Pictures in the material below are to be left out, and only the lines from the line with "Işıltılı gümüş kapaklı, yeşil" up to and including the line with "Below outlines our" are to be written out exactly.

(Beginning of MATERIAL PROVIDED)

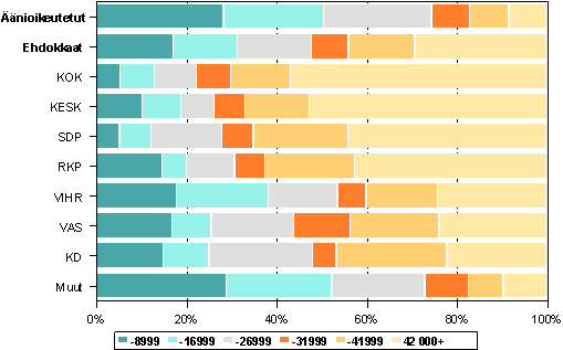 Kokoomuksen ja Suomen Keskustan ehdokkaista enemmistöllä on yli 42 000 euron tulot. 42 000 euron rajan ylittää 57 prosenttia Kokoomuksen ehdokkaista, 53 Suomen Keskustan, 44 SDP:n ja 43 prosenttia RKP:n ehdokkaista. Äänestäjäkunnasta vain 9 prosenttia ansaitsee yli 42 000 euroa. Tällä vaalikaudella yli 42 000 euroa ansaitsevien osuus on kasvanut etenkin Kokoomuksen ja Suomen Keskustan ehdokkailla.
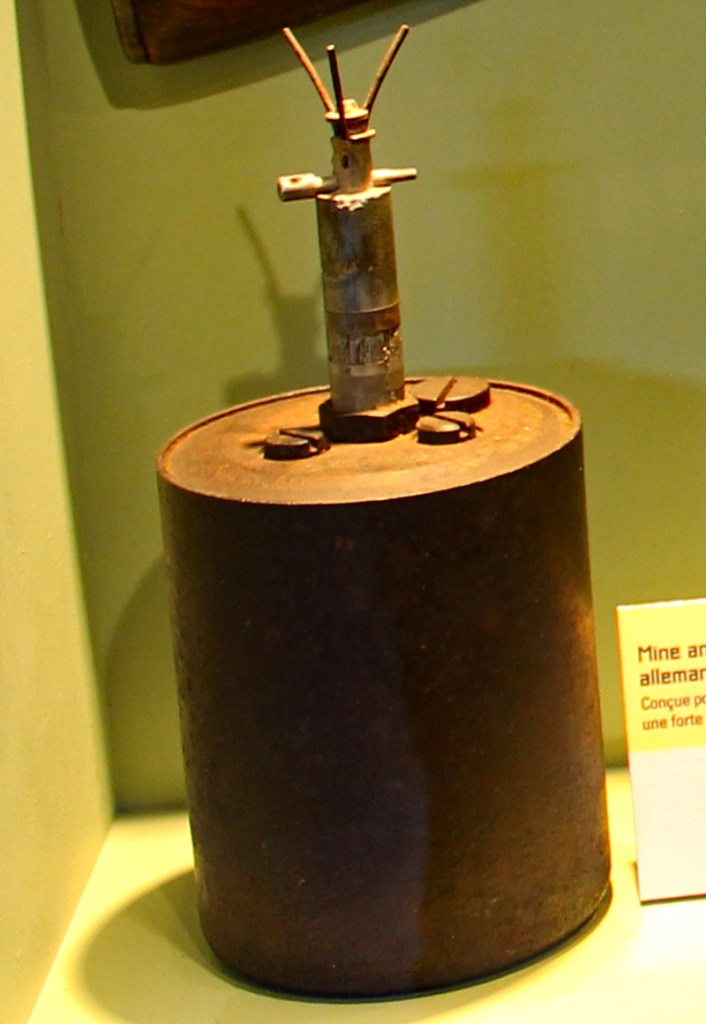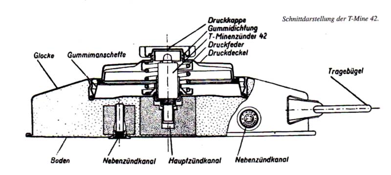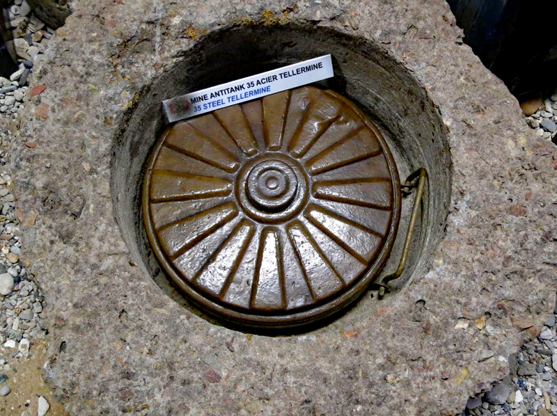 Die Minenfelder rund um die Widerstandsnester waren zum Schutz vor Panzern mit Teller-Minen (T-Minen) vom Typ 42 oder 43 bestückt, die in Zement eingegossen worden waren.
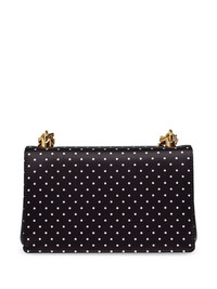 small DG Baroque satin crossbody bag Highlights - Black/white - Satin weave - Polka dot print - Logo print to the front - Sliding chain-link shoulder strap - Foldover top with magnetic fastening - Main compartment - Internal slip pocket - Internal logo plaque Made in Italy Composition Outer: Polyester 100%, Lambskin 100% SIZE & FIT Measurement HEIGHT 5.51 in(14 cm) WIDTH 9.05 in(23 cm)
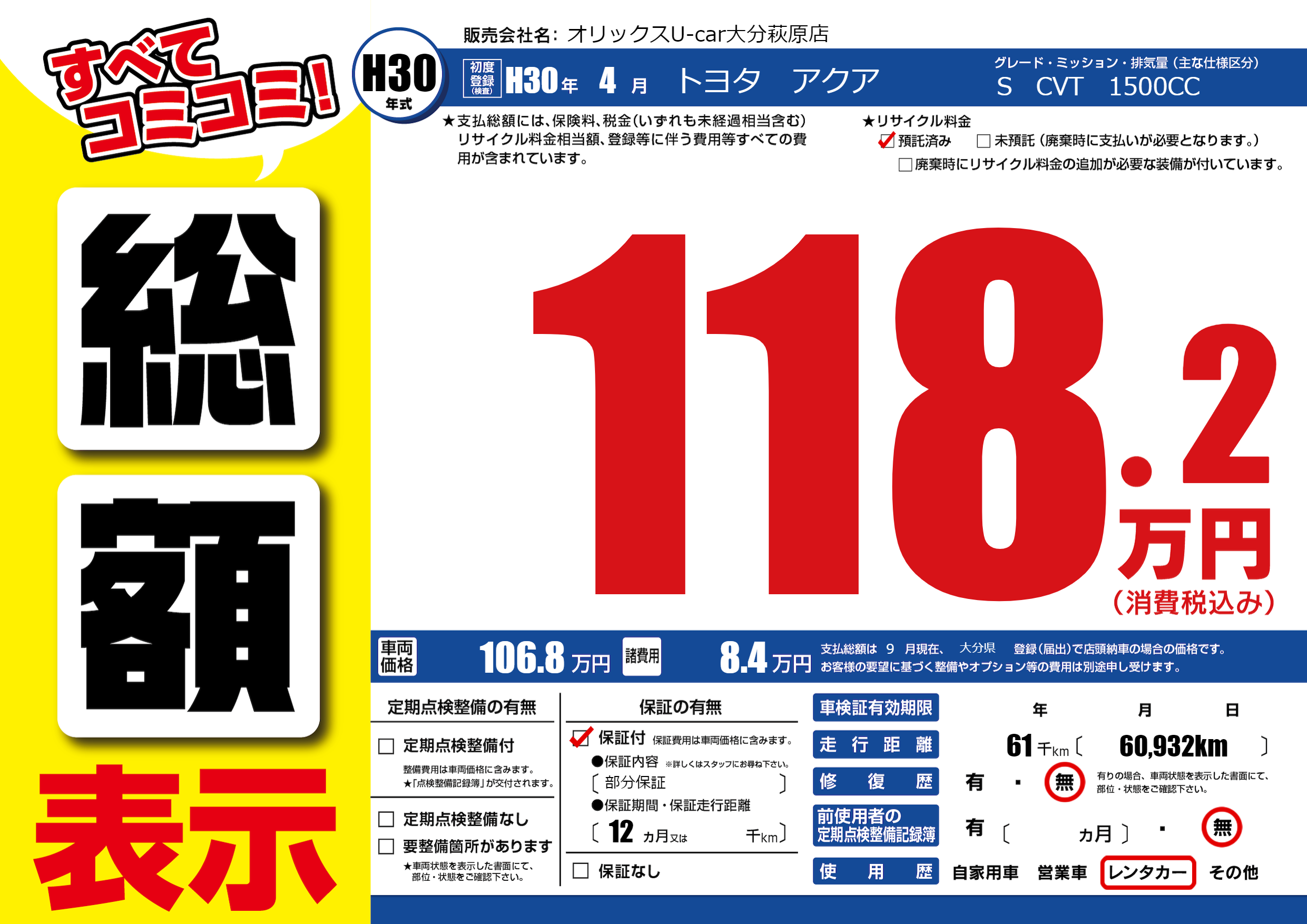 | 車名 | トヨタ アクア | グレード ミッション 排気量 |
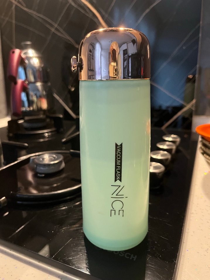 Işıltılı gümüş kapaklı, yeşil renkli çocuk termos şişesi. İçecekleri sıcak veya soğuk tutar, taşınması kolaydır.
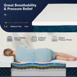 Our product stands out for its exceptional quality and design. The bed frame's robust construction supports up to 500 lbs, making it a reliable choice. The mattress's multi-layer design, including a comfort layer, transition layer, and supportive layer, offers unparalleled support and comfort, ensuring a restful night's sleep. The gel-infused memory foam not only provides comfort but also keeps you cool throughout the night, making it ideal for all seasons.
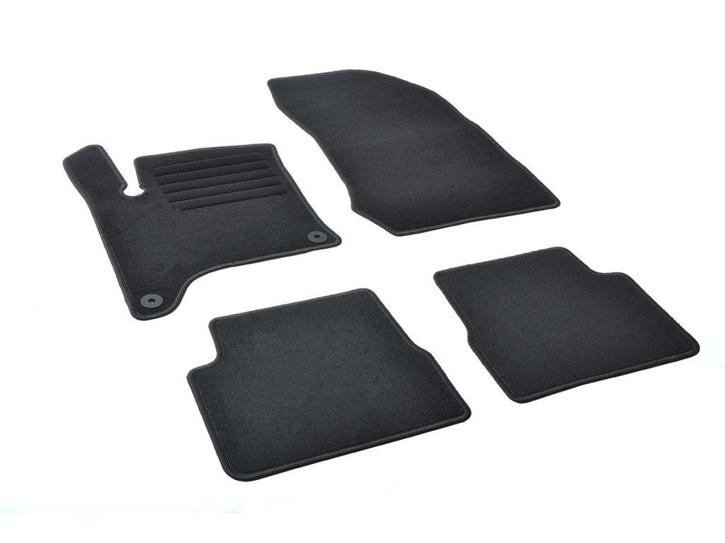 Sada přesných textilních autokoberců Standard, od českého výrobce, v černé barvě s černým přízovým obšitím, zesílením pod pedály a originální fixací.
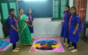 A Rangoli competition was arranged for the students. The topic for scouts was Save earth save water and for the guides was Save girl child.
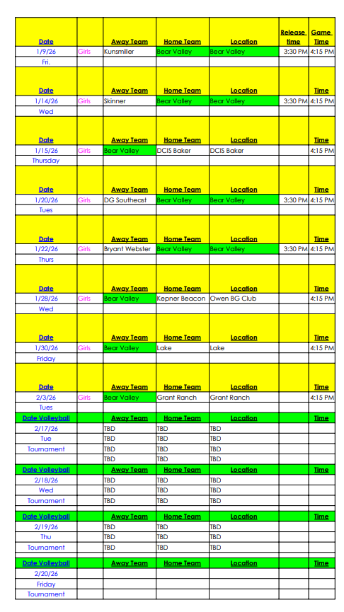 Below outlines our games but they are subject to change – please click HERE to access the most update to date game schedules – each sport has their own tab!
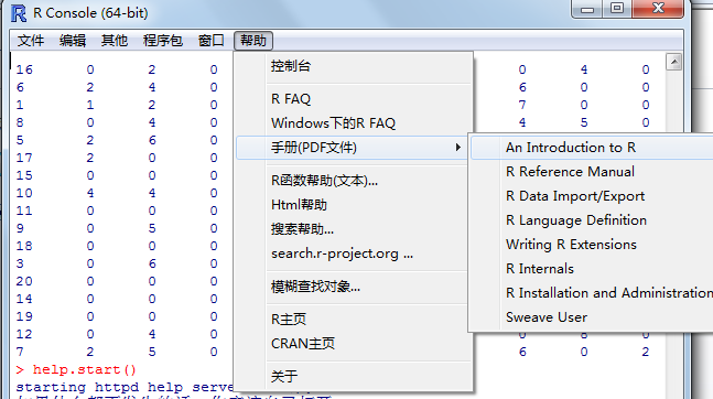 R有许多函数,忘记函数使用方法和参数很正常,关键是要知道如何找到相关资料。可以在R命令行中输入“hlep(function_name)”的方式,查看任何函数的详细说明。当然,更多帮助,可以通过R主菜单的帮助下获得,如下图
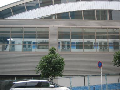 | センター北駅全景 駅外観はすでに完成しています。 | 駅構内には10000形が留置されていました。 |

(End of MATERIAL PROVIDED)
(Beginning of MATERIAL PROVIDED)

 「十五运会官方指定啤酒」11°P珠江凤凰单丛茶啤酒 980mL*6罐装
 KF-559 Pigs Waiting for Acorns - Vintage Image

(End of MATERIAL PROVIDED)
(Beginning of MATERIAL PROVIDED)

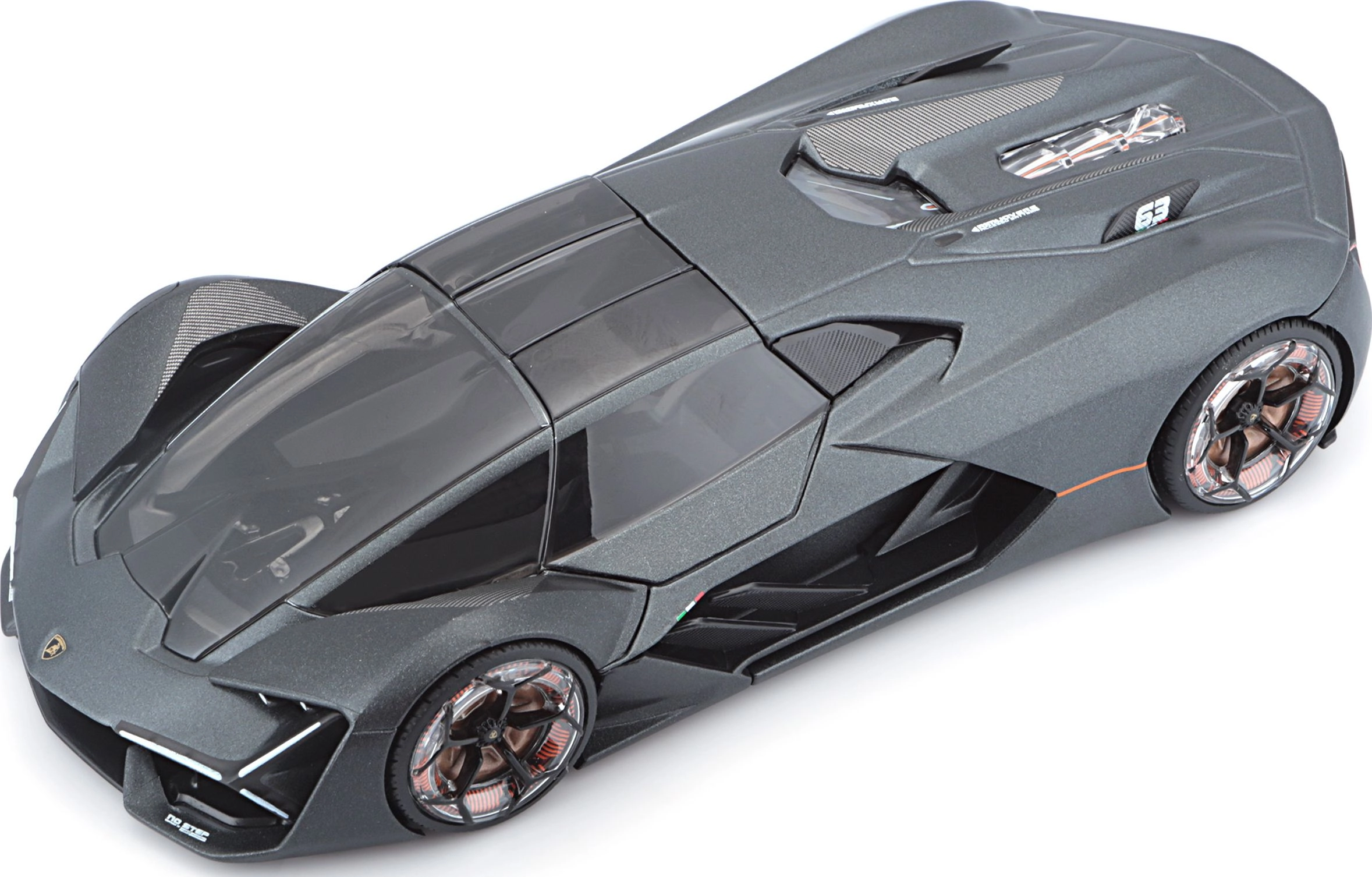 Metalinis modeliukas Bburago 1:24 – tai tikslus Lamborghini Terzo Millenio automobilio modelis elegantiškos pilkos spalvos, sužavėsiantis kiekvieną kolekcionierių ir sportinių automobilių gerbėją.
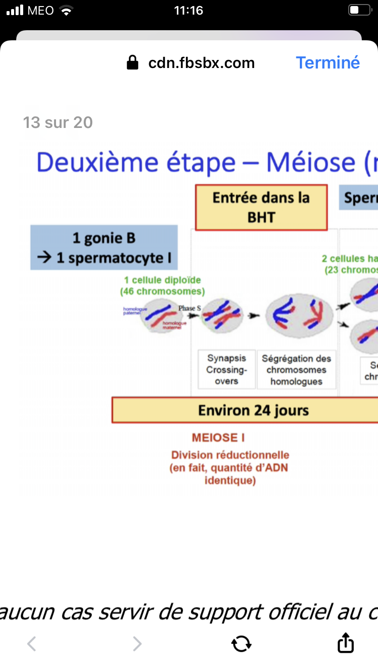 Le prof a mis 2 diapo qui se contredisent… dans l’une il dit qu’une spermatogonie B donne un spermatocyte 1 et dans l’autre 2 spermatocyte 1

(End of MATERIAL PROVIDED)

**THE COMPLETED TASK**
 Işıltılı gümüş kapaklı, yeşil renkli çocuk termos şişesi. İçecekleri sıcak veya soğuk tutar, taşınması kolaydır.
 Our product stands out for its exceptional quality and design. The bed frame's robust construction supports up to 500 lbs, making it a reliable choice. The mattress's multi-layer design, including a comfort layer, transition layer, and supportive layer, offers unparalleled support and comfort, ensuring a restful night's sleep. The gel-infused memory foam not only provides comfort but also keeps you cool throughout the night, making it ideal for all seasons.
 Sada přesných textilních autokoberců Standard, od českého výrobce, v černé barvě s černým přízovým obšitím, zesílením pod pedály a originální fixací.
 A Rangoli competition was arranged for the students. The topic for scouts was Save earth save water and for the guides was Save girl child.
 Below outlines our games but they are subject to change – please click HERE to access the most update to date game schedules – each sport has their own tab!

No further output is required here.